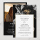 Este convite de casamento floral preto e dourado elegante pode ser personalizado com suas informações em tipografia moderna e os detalhes do seu casamento no verso, junto com o código QR do site do seu casamento e foto especial. Projetado por Thisisnotme©
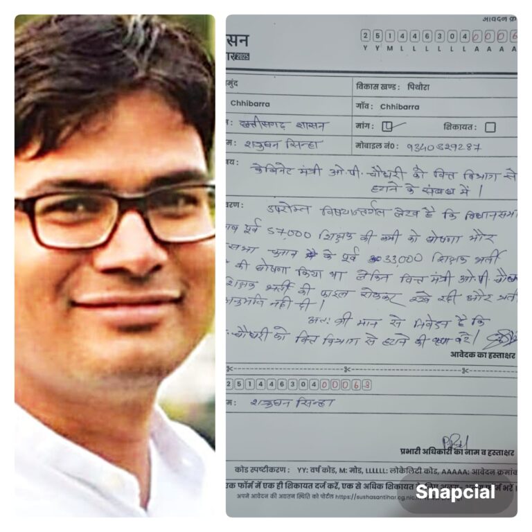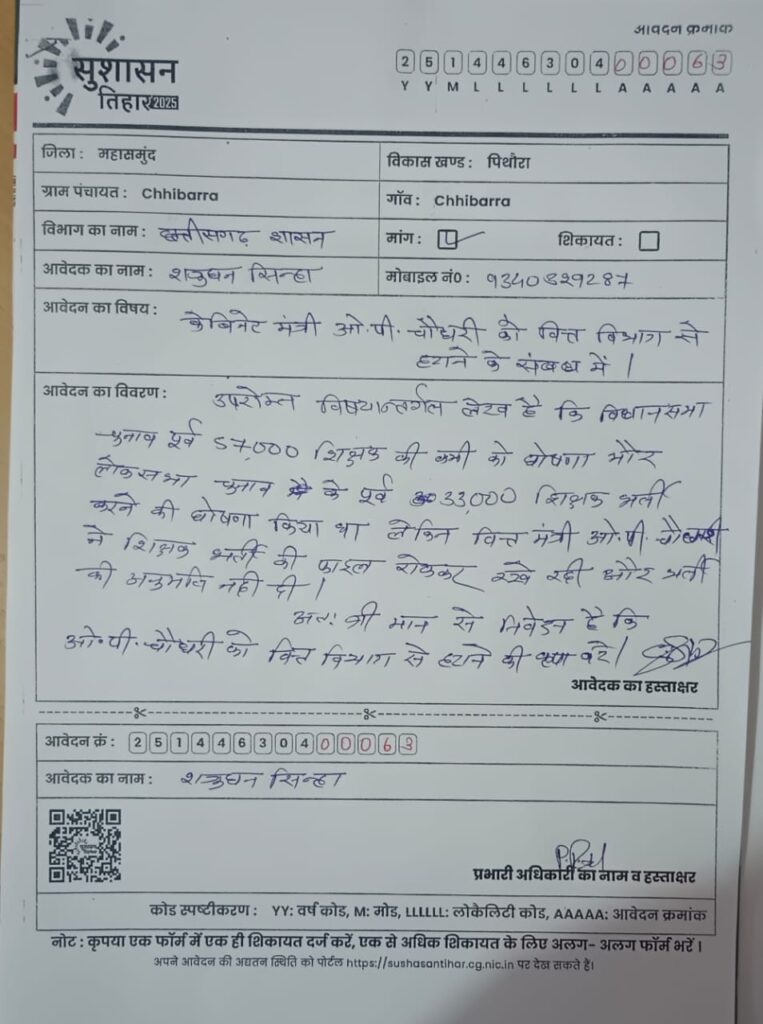 इसी बीच ग्राम छिबर्रा के युवक शत्रुघन सिन्हा जो शिक्षक भर्ती के लंबित रहने और चुनाव पूर्व 57हजार शिक्षकों के रिक्त पद था जिसमें चुनाव पश्चात 33हजार शिक्षकों के रिक्त पदों पर भर्ती की घोषणा की गई थी जिसे वित्त विभाग की मंजूरी नहीं मिली जिसके चलते शिक्षक भर्ती रुकी हुई है जिसका जिम्मेदार वित्त मंत्री ओपी चौधरी को मानते हुये उनको वित्त मंत्री पद से हटाने की माँग की हैl
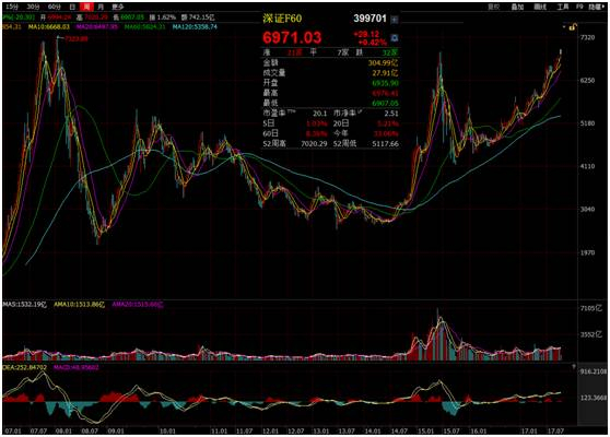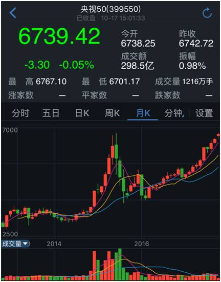 先看看央视财经50指数的月线,2017年以来的10个月中,只有7月份收出小阴线,其他9根都是阳线,2017年年初以来涨幅达到了36.35%,超过同期上证50指数涨幅17.26个百分点,并且在昨日创出了历史新高6808.29点。
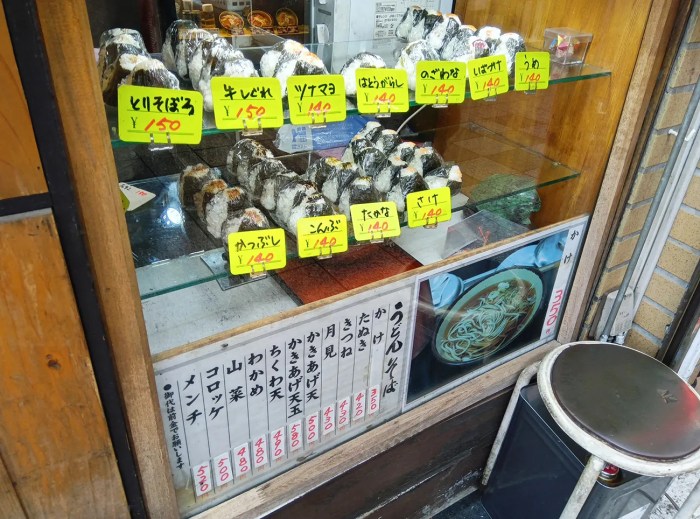 オススメのメニューは「メンチそば(税込520円)」。立ち食いそば屋の揚げ物と言えば天ぷらだけど、ここのメンチカツは肉が詰まってて、その家庭的なウマさが良い。なんならコロッケそば(税込500円)のコロッケもホクホクしたじゃがいもの食感に手作り感が溢れてるから、個人的には洋食揚げ物系トッピングに個性を感じる。
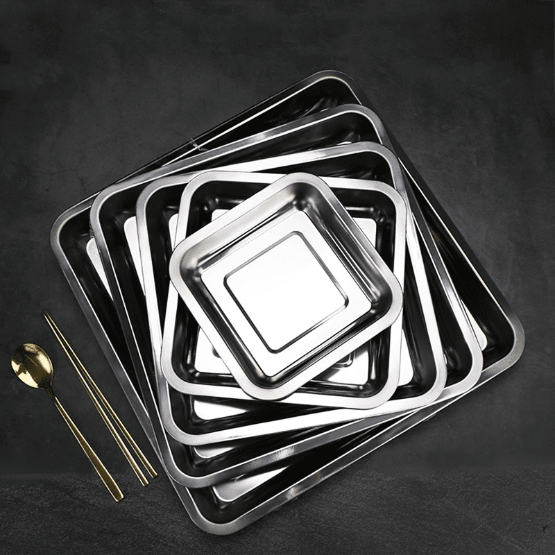 Khay nướng bánh inox được làm bằng chất liệu inox 304, dùng để đựng thực phẩm, nướng bánh....
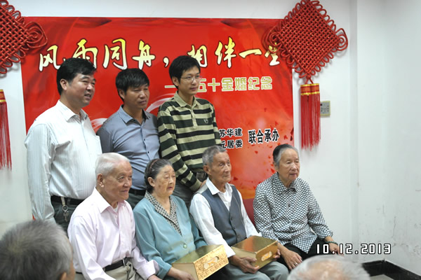 10月12日,中國傳統節日“重陽節”前夕,上海分公司與承建的洛克外灘源項目所在地的虎丘居委會聯合舉辦“五十金婚紀念”活動,大力弘揚中華民族尊老愛老的優良傳統美德,也是公司與地方政府開展聯建共建活動的重要成果。上海分公司總經理助理、工會副主席陳德權還代表公司向居委會轄區內60對金婚夫婦贈送了由江西景德鎮特制的象征“幸福”、“長壽”的茶杯。
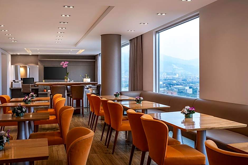 The Medellin Marriott Hotel offers two on-site restaurants. The Market features a family-friendly and modern ambiance, serving a variety of local, international, and Latin American cuisines. Additionally, NAU provides a modern and romantic setting, specializing in Japanese, sushi, and Asian cuisines.
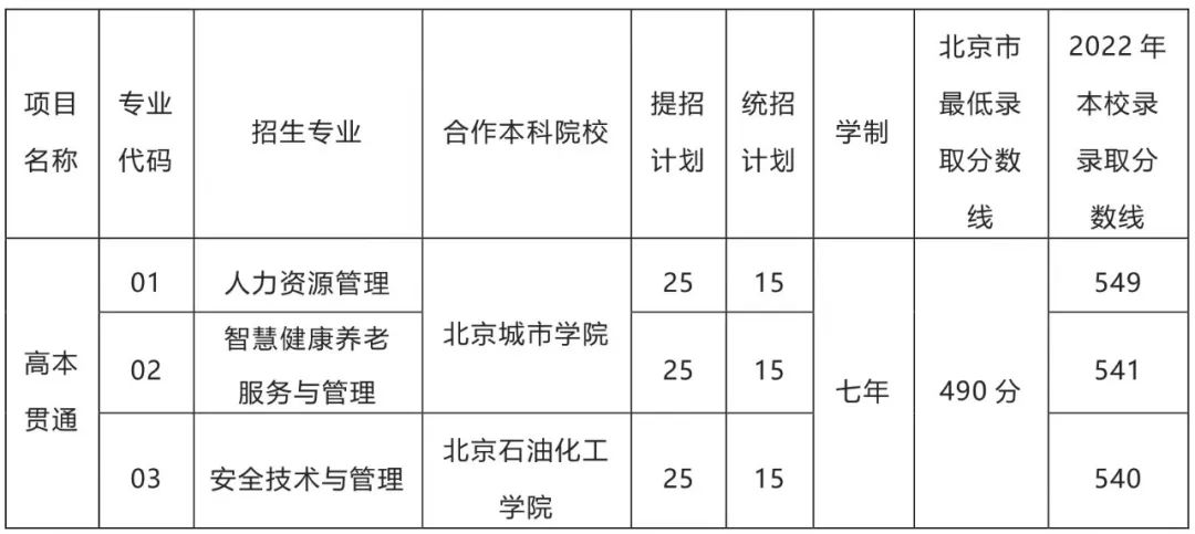 由入选“北京市特色高水平职业院校”的高职院校与本科高校联合培养。前5年在高职院校学习,后2年在本科高校学习。完成前5年学业且成绩合格者由高职院校颁发专科学历证书,完成全部学业且成绩合格者,由合作本科高校颁发本科学历证书(专升本)。具体情况以当年北京教育考试院公布的招生简章为准。
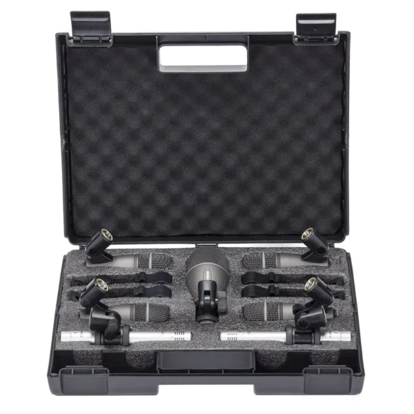 El DK707 es un paquete de micrófono de rango completo para bateristas profesionales. Incluye un micrófono de bombo Q71, cuatro micrófonos de instrumento Q72 y dos micrófonos de condensador tipo lápiz C02. Con un alto manejo de SPL, el Q71 está optimizado para capturar la esencia completa de su bombo. Con una respuesta de frecuencia especializada, los Q72 ayudan a reproducir el tono natural y el ataque de sus tambores y timbales. Por último, los C02 son perfectos para aplicaciones de micrófonos aéreos y ambientales.
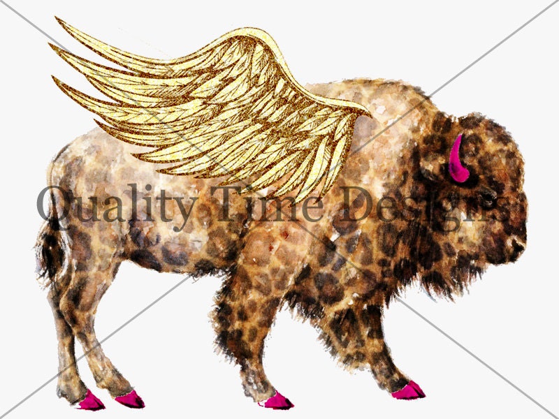 Funky Watercolor Buffalo Clip Art Graphic Images Transparent Background Pink Gold Glitter American Buffalo Native Standard License Included
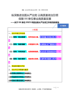 2025.11.4(写作模板)(关于XX单位2025年度全面从严治党工作情况的报告)纵深推进全面从严治党 以高质量政治引领保障XX单位事业高质量发展
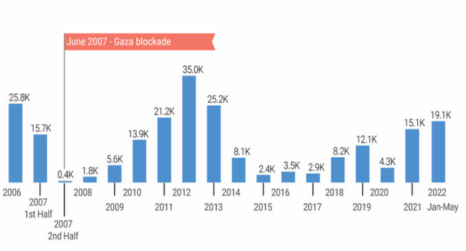 •Nach der Blockade sank die Anzahl der LKW-Ladungen an kommerziellen Gütern dramatisch, bis auf zwei Ladungen im Durchschnitt pro Monat in 2009. Nach der Eskalation der Feindseligkeiten 2014 wurden die Transfers von Gaza zur Westbank wieder aufgenommen und seit März 2015 auch die Exporte nach Israel. Im August 2021 steigerten sich die Exporte nach Ägypten zum ersten Mal durchschnittlich auf 787 in den ersten fünf Monaten von 2022. Vor der Blockade betrug das Maximum 961 (Ladungen) im Monat.
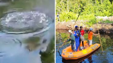 En un video impactante, se puede ver al hombre pateando y gritando mientras el cocodrilo lo arrastra por el río. Se puede escuchar a un hombre decir: "Dios mío, el cocodrilo se comió al hombre".
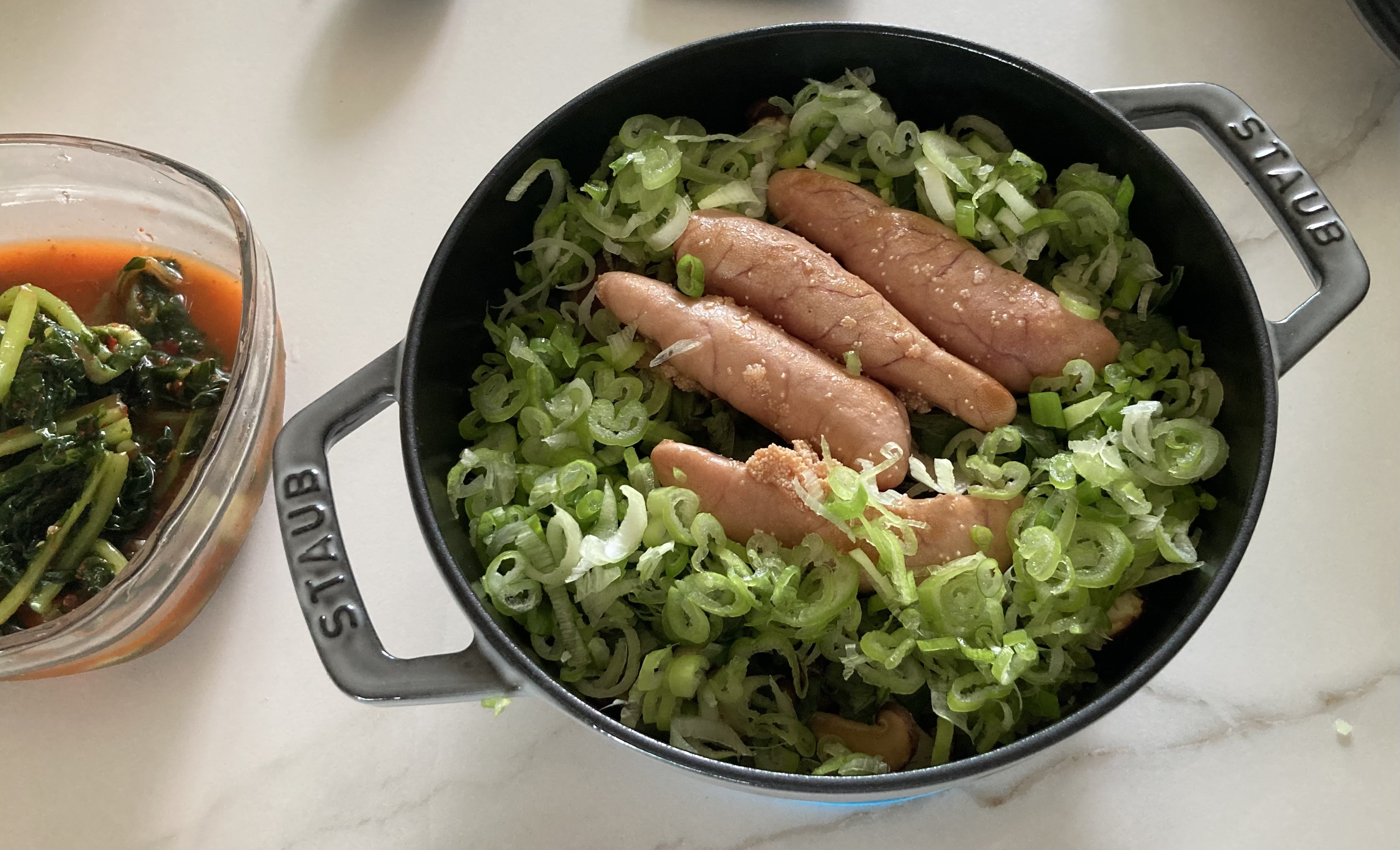 다른 젓갈과는 달리 명란젓은 냉동에 보관하고 꺼내서 바로 먹을 수 있다는 팁도 얻어 왔다. 보통은 파를 잘게 썰어 넣고 참기를 살짝 뿌려 밥에 올려 먹는데, g가 표고버섯을 넣고 명란솥밥을 하겠다고 나섰다. 뜸들인 솥두껑을 열고 파 썬 걸 올려주니, 오~ 비주얼이 그만이었다!
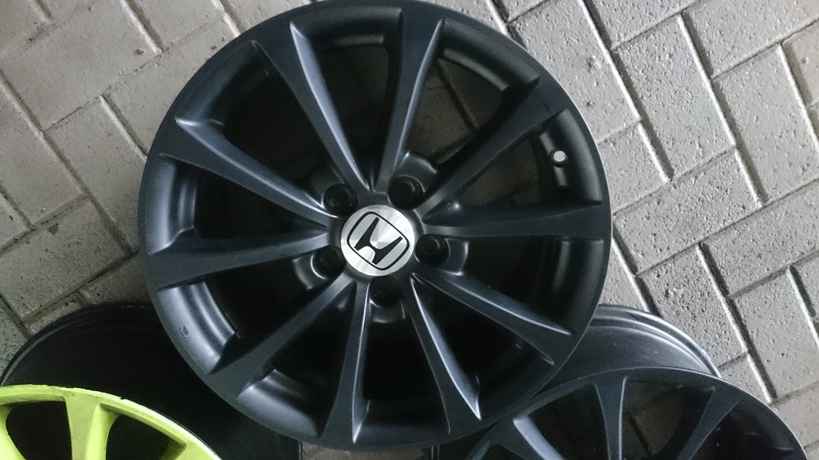eine Felge hat 2 kleine abdrücke vom Montiereisen die aber kaum zu sehen sind und mit schwarz ausgtupft werden können.

▬▬▬▬▬▬

PROBLEM DETAILS: What is needed is every record above printed exactly, with no pictures.

EXERCISE SOLUTION:
 Este convite de casamento floral preto e dourado elegante pode ser personalizado com suas informações em tipografia moderna e os detalhes do seu casamento no verso, junto com o código QR do site do seu casamento e foto especial. Projetado por Thisisnotme©
 इसी बीच ग्राम छिबर्रा के युवक शत्रुघन सिन्हा जो शिक्षक भर्ती के लंबित रहने और चुनाव पूर्व 57हजार शिक्षकों के रिक्त पद था जिसमें चुनाव पश्चात 33हजार शिक्षकों के रिक्त पदों पर भर्ती की घोषणा की गई थी जिसे वित्त विभाग की मंजूरी नहीं मिली जिसके चलते शिक्षक भर्ती रुकी हुई है जिसका जिम्मेदार वित्त मंत्री ओपी चौधरी को मानते हुये उनको वित्त मंत्री पद से हटाने की माँग की हैl
 先看看央视财经50指数的月线,2017年以来的10个月中,只有7月份收出小阴线,其他9根都是阳线,2017年年初以来涨幅达到了36.35%,超过同期上证50指数涨幅17.26个百分点,并且在昨日创出了历史新高6808.29点。
 オススメのメニューは「メンチそば(税込520円)」。立ち食いそば屋の揚げ物と言えば天ぷらだけど、ここのメンチカツは肉が詰まってて、その家庭的なウマさが良い。なんならコロッケそば(税込500円)のコロッケもホクホクしたじゃがいもの食感に手作り感が溢れてるから、個人的には洋食揚げ物系トッピングに個性を感じる。
 Khay nướng bánh inox được làm bằng chất liệu inox 304, dùng để đựng thực phẩm, nướng bánh....
 10月12日,中國傳統節日“重陽節”前夕,上海分公司與承建的洛克外灘源項目所在地的虎丘居委會聯合舉辦“五十金婚紀念”活動,大力弘揚中華民族尊老愛老的優良傳統美德,也是公司與地方政府開展聯建共建活動的重要成果。上海分公司總經理助理、工會副主席陳德權還代表公司向居委會轄區內60對金婚夫婦贈送了由江西景德鎮特制的象征“幸福”、“長壽”的茶杯。
 The Medellin Marriott Hotel offers two on-site restaurants. The Market features a family-friendly and modern ambiance, serving a variety of local, international, and Latin American cuisines. Additionally, NAU provides a modern and romantic setting, specializing in Japanese, sushi, and Asian cuisines.
 由入选“北京市特色高水平职业院校”的高职院校与本科高校联合培养。前5年在高职院校学习,后2年在本科高校学习。完成前5年学业且成绩合格者由高职院校颁发专科学历证书,完成全部学业且成绩合格者,由合作本科高校颁发本科学历证书(专升本)。具体情况以当年北京教育考试院公布的招生简章为准。
 El DK707 es un paquete de micrófono de rango completo para bateristas profesionales. Incluye un micrófono de bombo Q71, cuatro micrófonos de instrumento Q72 y dos micrófonos de condensador tipo lápiz C02. Con un alto manejo de SPL, el Q71 está optimizado para capturar la esencia completa de su bombo. Con una respuesta de frecuencia especializada, los Q72 ayudan a reproducir el tono natural y el ataque de sus tambores y timbales. Por último, los C02 son perfectos para aplicaciones de micrófonos aéreos y ambientales.
 Funky Watercolor Buffalo Clip Art Graphic Images Transparent Background Pink Gold Glitter American Buffalo Native Standard License Included
 2025.11.4(写作模板)(关于XX单位2025年度全面从严治党工作情况的报告)纵深推进全面从严治党 以高质量政治引领保障XX单位事业高质量发展
 •Nach der Blockade sank die Anzahl der LKW-Ladungen an kommerziellen Gütern dramatisch, bis auf zwei Ladungen im Durchschnitt pro Monat in 2009. Nach der Eskalation der Feindseligkeiten 2014 wurden die Transfers von Gaza zur Westbank wieder aufgenommen und seit März 2015 auch die Exporte nach Israel. Im August 2021 steigerten sich die Exporte nach Ägypten zum ersten Mal durchschnittlich auf 787 in den ersten fünf Monaten von 2022. Vor der Blockade betrug das Maximum 961 (Ladungen) im Monat.
 En un video impactante, se puede ver al hombre pateando y gritando mientras el cocodrilo lo arrastra por el río. Se puede escuchar a un hombre decir: "Dios mío, el cocodrilo se comió al hombre".
 다른 젓갈과는 달리 명란젓은 냉동에 보관하고 꺼내서 바로 먹을 수 있다는 팁도 얻어 왔다. 보통은 파를 잘게 썰어 넣고 참기를 살짝 뿌려 밥에 올려 먹는데, g가 표고버섯을 넣고 명란솥밥을 하겠다고 나섰다. 뜸들인 솥두껑을 열고 파 썬 걸 올려주니, 오~ 비주얼이 그만이었다!
eine Felge hat 2 kleine abdrücke vom Montiereisen die aber kaum zu sehen sind und mit schwarz ausgtupft werden können.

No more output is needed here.